May 23, 2019   ·   0 Comments


Ontario’s government is celebrating World Bee Day by recognizing the important contribution that managed honey bees, wild bees and beekeepers make to the province’s economy and environment. 

Ontario’s pollinators generate more than $1 billion in value to Ontario’s agricultural crops each year, about 15 per cent of the province’s total crop value. 

“Honey bees and other insect pollinators are important to Ontario’s agriculture, ecosystems and biodiversity,” said Ernie Hardeman, minister of agriculture, food and rural affairs. “This first World Bee Day gives us a great opportunity to recognize how important it is to protect them, work with beekeepers and grow this sector.” 

The ministry works with beekeepers to maintain the viability of Ontario’s beekeeping sector through education and outreach, an apiary inspection program, and a monitoring program to better understand the complexity of bee health in the province and risk factors such as Varroa mites, and to improve the health of bee colonies. 
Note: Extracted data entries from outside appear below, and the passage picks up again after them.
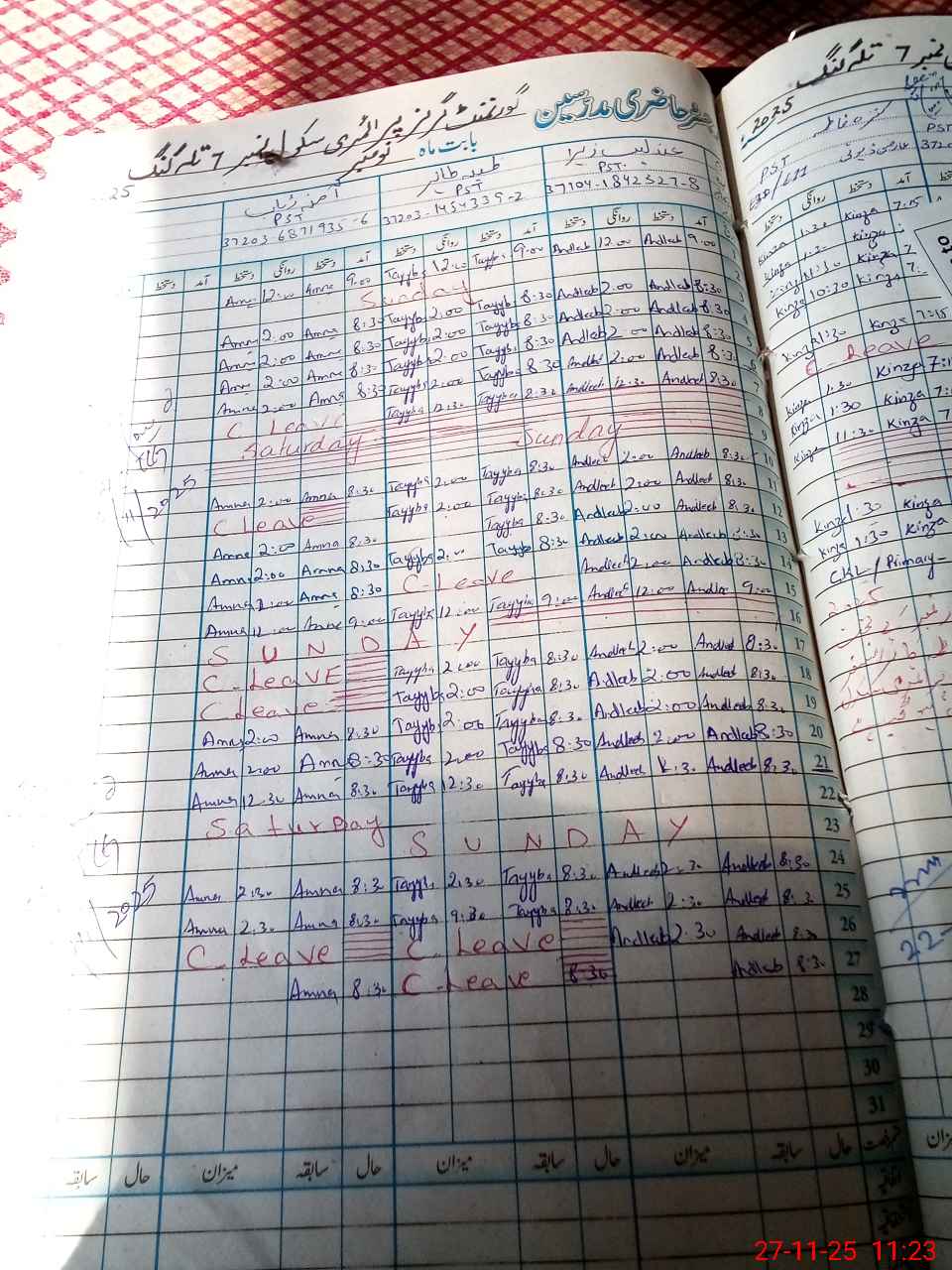 | CNIC | Full Name | Designation | R/C | Absence During Last Calender Month |
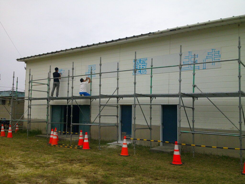 「賢く 逞しく 麗しく」の文字の復活を目指して、4日に足場を組んでいただきました。19日には文字を書き入れます。 昨日から、その日のための準備に取りかかっています。文字が書きやすいように、下地が汚れないようにとマスキングテープを貼っています。二人とも職人魂があるようです。ありがとうございます。
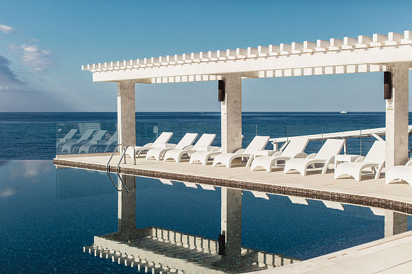 Собственный пляж, оснащённый шезлонгами и мягкими креслами, что создаёт идеальные условия для комфортного отдыха.
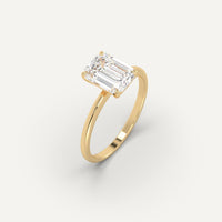 Whisper Thin 2 carat emerald cut diamond engagement ring, set with a high brilliance white and eye clean clarity enhanced natural diamond in solid 14K yellow gold.
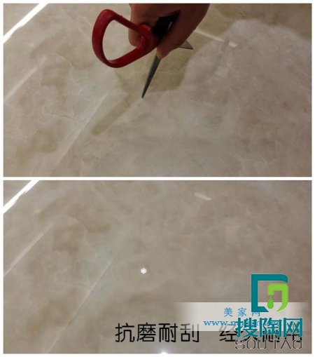 刮痕是瓷磚最怕出現的情況,尤其是一款能夠用在背景墻上的產品,小編用隨身攜帶的剪刀在其表面來回滑動,發現這款產品表面并沒有留下任何的刮痕,證明這款產品十分耐用。
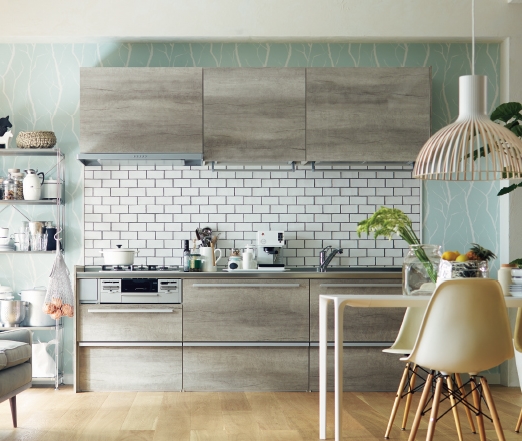 グレイッシュな木目柄が落ち着いた空間をつくります。 |
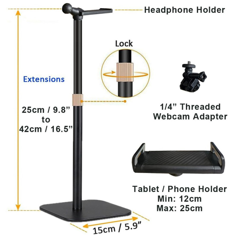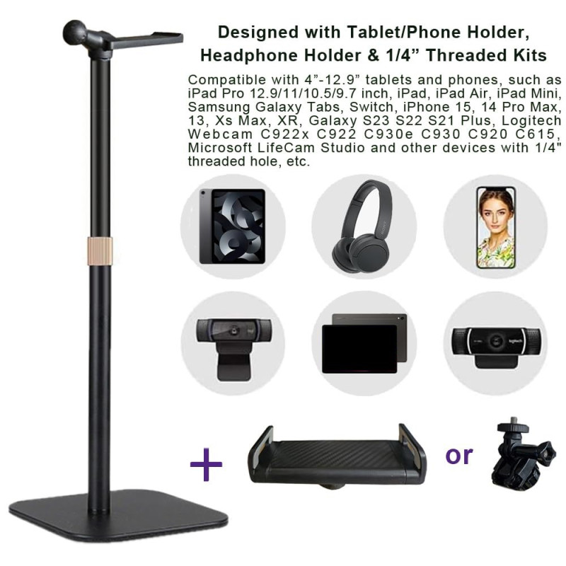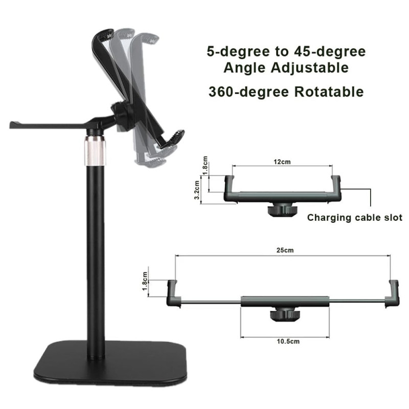 Dieser verstellbare Tischständer bietet eine praktische und ergonomische Lösung, um Ihr Smartphone oder Ihren Tablet-PC freihändig zu bedienen. Hergestellt aus ABS, PC und Metall, bietet er eine hervorragende Stabilität und ist gleichzeitig langlebig im Alltag. Sein verstellbares Design ermöglicht es Ihnen, den Blickwinkel und die Höhe anzupassen, sodass Sie immer bequem sitzen, egal ob Sie ein Video ansehen, einem Kurs folgen oder im Internet surfen. Die Öffnung an der Unterseite des Ständers erleichtert das Aufladen während des Gebrauchs, während der integrierte Kopfhörerhalter dabei hilft, den Schreibtisch übersichtlich und organisiert zu halten. Er ist mit Geräten von 4 bis 11 Zoll kompatibel und ein unverzichtbares Zubehör für Ihren Arbeitsplatz.
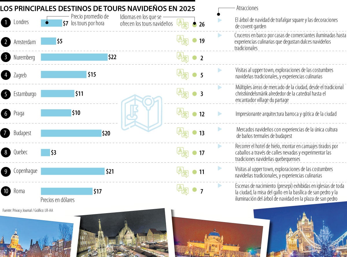 PrivacyJournal, la empresa especializada en análisis de datos, reveló los mejores destinos turísticos navideños del mundo para 2025 según datos de TripAdvisor y Kayak; y aquí le contamos cuáles fueron los destinos que sobresalieron en el listado.

Beekeepers have access to a variety of business risk management programs to cover loss and damage due to risks beyond their control. They are also eligible for funding under the cost-shared Canadian Agricultural Partnership for projects and equipment to support the bee industry. 

“Our investment in programs that support and improve the health of Ontario’s managed honey bees help sustain pollination, one of the most important services that nature – nd beekeepers – rovide us,” said Hardeman. 

King was named a “Bee City” and is a visible model for “progressive implementation of initiatives designed to protect and encourage native pollinator populations.” 

Andre Flys, of King’s Pioneer Brand Honey, said like so many issues today it’s nice to pay tribute to things we will miss when gone. Warning signs are all around us. 

“For decades now, we’ve been sounding the alarm for our insect friends. A full 40% of the world population of insects is in decline. Pollinators like the rusty patch bumble bee, which made up for one in 5 most common bumble bee species here , no longer exist in Ontario today. Political will to fix the problems has come to a standstill with the rise in populism. Voters seem more concerned with their wallets than the air they breathe, the water they drink or the protected land they once held dear.” 

While World Bee Day is important to draw attention to the matter, Flys said we need “big changes now.” 

“What on earth is the matter with dandelions on your front lawn? Why the need to mow everything in sight? Why not leave some areas naturalized? Why do we accept the spraying of herbicides on more than 20 million acres of cash crop in this province every year? Why do we accept the use of pesticides and fungicides on most of that acreage? Why do those who plant these seeds not acknowledge the threat they’re putting on the eco-system?” 

There may be hope for our future generations, Flys pointed out. Students qat 

Nobleton Public School recently talked about becoming a “Bee School” at the parent council and are looking to start the application process for next school year. Twenty-four schools across Canada have signed up to become a Bee School and introduce the importance of pollinators and habitat into the learning system. 

“It is here we need to start change. Our younger generations may well hold the key to improvement on this World Bee Day!” 

The goal of the Bee City Canada certification is to provide and promote healthy habitats for bees and other pollinator species. 

There are about 3,000 registered beekeepers in Ontario who manage more than 100,000 honey bee colonies. 

Ontario is home to several hundred species of native bees. 

In addition to producing honey, beeswax and other retail items, beekeepers provide a service to farmers by providing honey bees to pollinate their crops. 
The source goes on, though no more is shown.